I love chole the most when served along side hot and crispy Aloo tikkis. The dish below is a healthier version of the dish. Instead of deep frying the tikkis, i added some binders and crisp enhancers (fancy words heh :P), pan fried them uptill crispy and they came out just as delicious ! Try them.
Aloo Tikki Chole
Aloo Tikki Chole
- 6 medium sized potatoes, boiled and mashed (depending on the size you would like for the tikkis, adjust the quantity of the potatoes)
- 1 tablespoon chopped coriander
- 1 tsp grated ginger
- Salt to taste
- 1/2 tsp red chili powder
- 1 tsp grounded coriander powder (optional)
- 1 tsp dry mango powder
- 1 tsp garam masala
- 1/2 cup peas, boiled (optional)
- 3 slices of bread (u can also use 1 fistful of flattened rice/ Poha/ Chivda here)
- 1 tablespoon rice flour / corn starch
- 1 tablespoon oil
- 2 cups boiled soaked and boiled chickpeas/garbanzo beans
- 1 medium onion, chopped
- 2 tomatoes, chopped
- 2 green chillies, slit in middle and seeds removed (you can keep the seeds if you like your chole spicy)
- 1 tablespoon oil
- 1 tsp cumin seeds
- Pinch of Asafoetida/ Hing (optional)
- 1 inch ginger, julliene
- 2-3 tablespoons water
- salt to taste
- 1/2 tsp red chilli powder
- 1 tsp coriander seed powder
- 1/2 tsp dry mango powder/pomegranate seed powder
- 1 tsp garam masala
- chopped coriander for granishing.
- Take a big mixing bowl Into this, add in the mashed potatoes. Do not worry if the potatoes are not evenly mashed, they will get mashed in the process later.
- Now, add in spices, grated ginger and mix well till the mixture is homogenous.
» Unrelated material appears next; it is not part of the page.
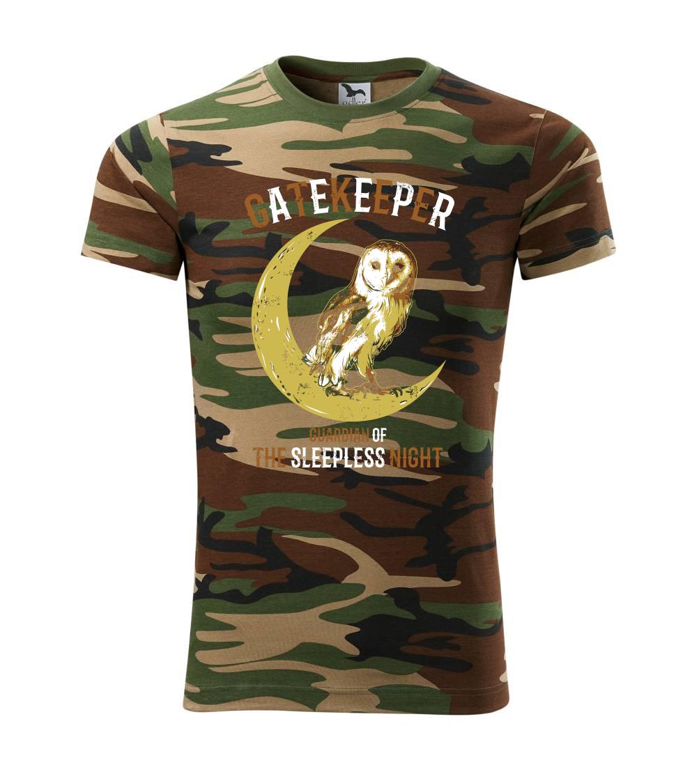 Tričko střední gramáže v barvách camouflage. Střih s bočními švy. Lem průkrčníku ze žebrového úpletu s přídavkem 5 % elastanu. Vnitřní část zadního průkrčníku začištěna páskou v barvě camouflage.

Meanwhile, soak the bread slices in a little water till the bread is soggy and then remove it from the water, squeeze the excess water and crumble with your hands till it resembles cake crumbs. Add this to the mixture.
- Now, add in the corn starch, peas ad coriander and combine well. Depending on your preference, you can mash the peas before adding to the mixture or keep it chunky for an added texture. Note : make sure the mixture is not hot or the corn starch will make the mixture sticky and hence difficult to manage.
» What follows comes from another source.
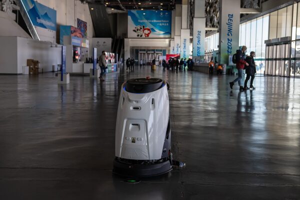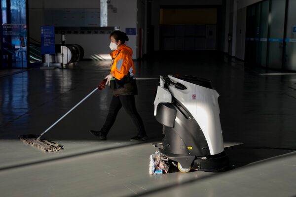 A worker and a robotic janitor clean the floor of the main media center ahead of the 2022 Winter Olympics, in Beijing.Jae C. Hong/The Associated Press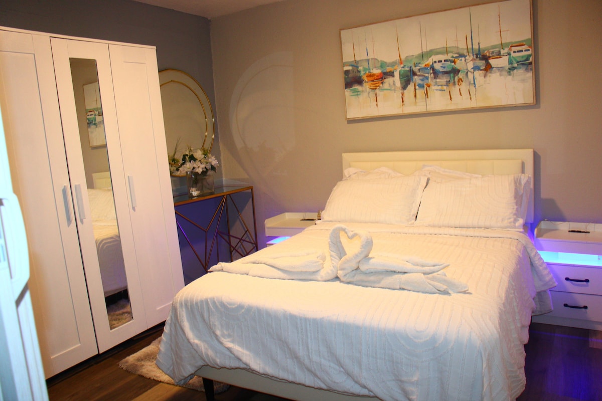 Este impresionante dúplex está perfectamente situado en el Houston Medical Center, a pocos minutos del estadio NRG, el Parque Memorial Hermann, el Distrito de los Museos y el centro de Houston. También está a solo 13 minutos del aeropuerto Hobby. Disfrutarás de la tranquilidad con nuestras características de seguridad de última generación. Puedes relajarte y desconectar con estilo con nuestras comodidades adicionales, que incluyen una cabaña solar con una acogedora mesa central de vidrio, una zona de césped sintético perfecta para entrenar o jugar con mascotas, y tecnología inteligente.

- Keep this mixture to rest for about 10 minutes. After the resting time, divide the mixture into 8 equal portions and form patties shape. At this stage, keep these patties inside the freezer for 8-10 minutes so that the patties come together and firm up a bit.
- take a non stick griddle and bring to heat. Add in the oil and place the tikkis atleast 1 inch apart from each other. Pan fry these on both sides till golden brown and crispy. Remove and drain the excess oil on a paper towel.
- Take a pan. Add in the oil and bring to heat. Add in the Asafoetida and cumin seeds. Let the seeds splutter.
- Next, add in the onions and saute on medium high till they are translucent. Now, add in the Tomatoes, ginger and the spices. Add some water and let this cook on medium high till the tomatoes get soft and mushy.
- Now, add in the chickpeas and mix well. Adjust spices as required. Cover the pan with a lid and let this cook for 10-15 mins.
- Remove the cover. sprinkle fresh coriander on top and serve hot.
In a plate, put 2-4 tikkis. Top it with chole, chutneys and/or yogurt and serve hot.